Ontario's hog industry unfazed by Quality Meats' collapse
Saturday, January 31, 2015
Strong demand from other processors in Ontario, Quebec and the United States has helped Ontario hog farmers weather the bankruptcy of Toronto-based Quality Meats, even though some faced losses as a result
by JIM ALGIE
The 2014 collapse of one of Ontario's largest hog processing firms failed to dampen an industry riding strong demand into 2015.
Quality Meats went out of business last spring owing millions for animals processed but never paid for during the company's final weeks of operations. Even so, Ontario's hog industry appeared by year end to have moved on.
"This came as a big shock to every one of us who was affected," said Barrie-area farrow-to-finish operator Arno Schober, who was among dozens of producers burned by the Quality collapse. "All of us as individuals will have to absorb the loss," Schober said in an interview from his 130-sow Simcoe County farm. "If there's a silver lining, it's that we had a good year for prices."

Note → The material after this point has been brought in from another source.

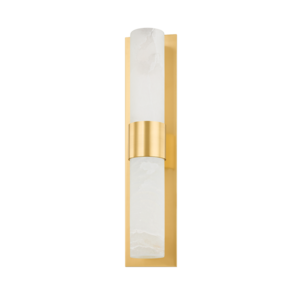 A modernization of a traditional silhouette, Stowe features alabaster tubes wrapped at the center by a band of Aged Brass. The sconce mounts the cylindrical shade on a straightforward metal backplate while the 24-light chandelier arrays the shades in pairs around a center point at varying depths and heights adding dimension and a sculptural feel.

In bankruptcy proceedings since then, secured creditors, their lawyers and accountants have fared better than unsecured hog farmers. Producers who sold to Quality through Ontario Pork marketing services did see partial repayment from the farmer-run agency, itself an unsecured creditor with an unpaid $1 million claim. Marketing division manager Patrick O'Neil estimates compensation from pork board funds for eligible producers at about 60 cents on the dollar.

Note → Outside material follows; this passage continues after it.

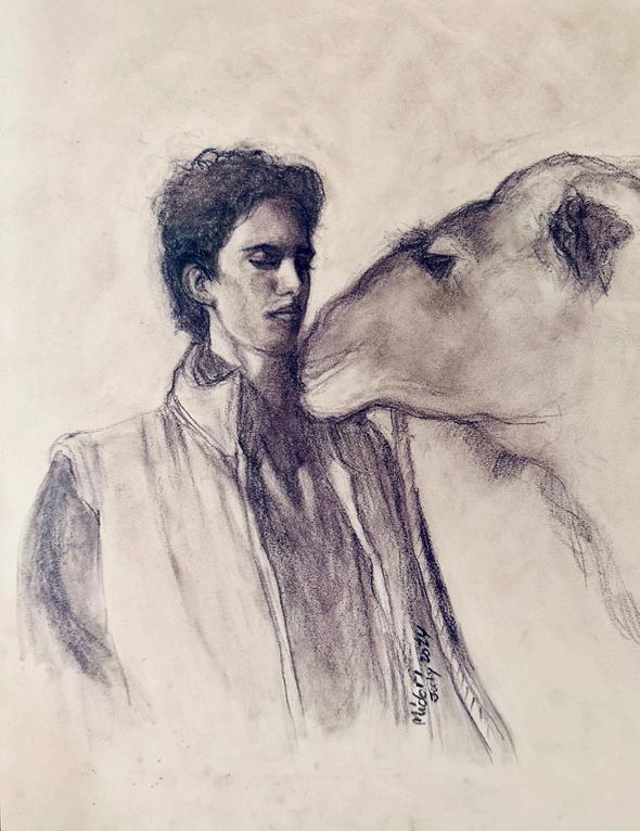Grey charcoal and pastel pencils on paper 40X30 cm

The fallout also leaves Sofina Foods as Ontario's dominant pork processor.
When Toronto-based Quality Meats went bankrupt, a smaller related company, Great Lakes Specialty Meats, followed into receivership. The two firms together represented as much as 40 per cent of Ontario's processing capacity.
"It could have been a lot worse," O'Neil said of the Quality Meats collapse. "You don't want to be cheerleading necessarily; but . . . it's incredible how well the industry has adapted," he said, referring to strong demand from remaining processors in Ontario, Quebec and the United States.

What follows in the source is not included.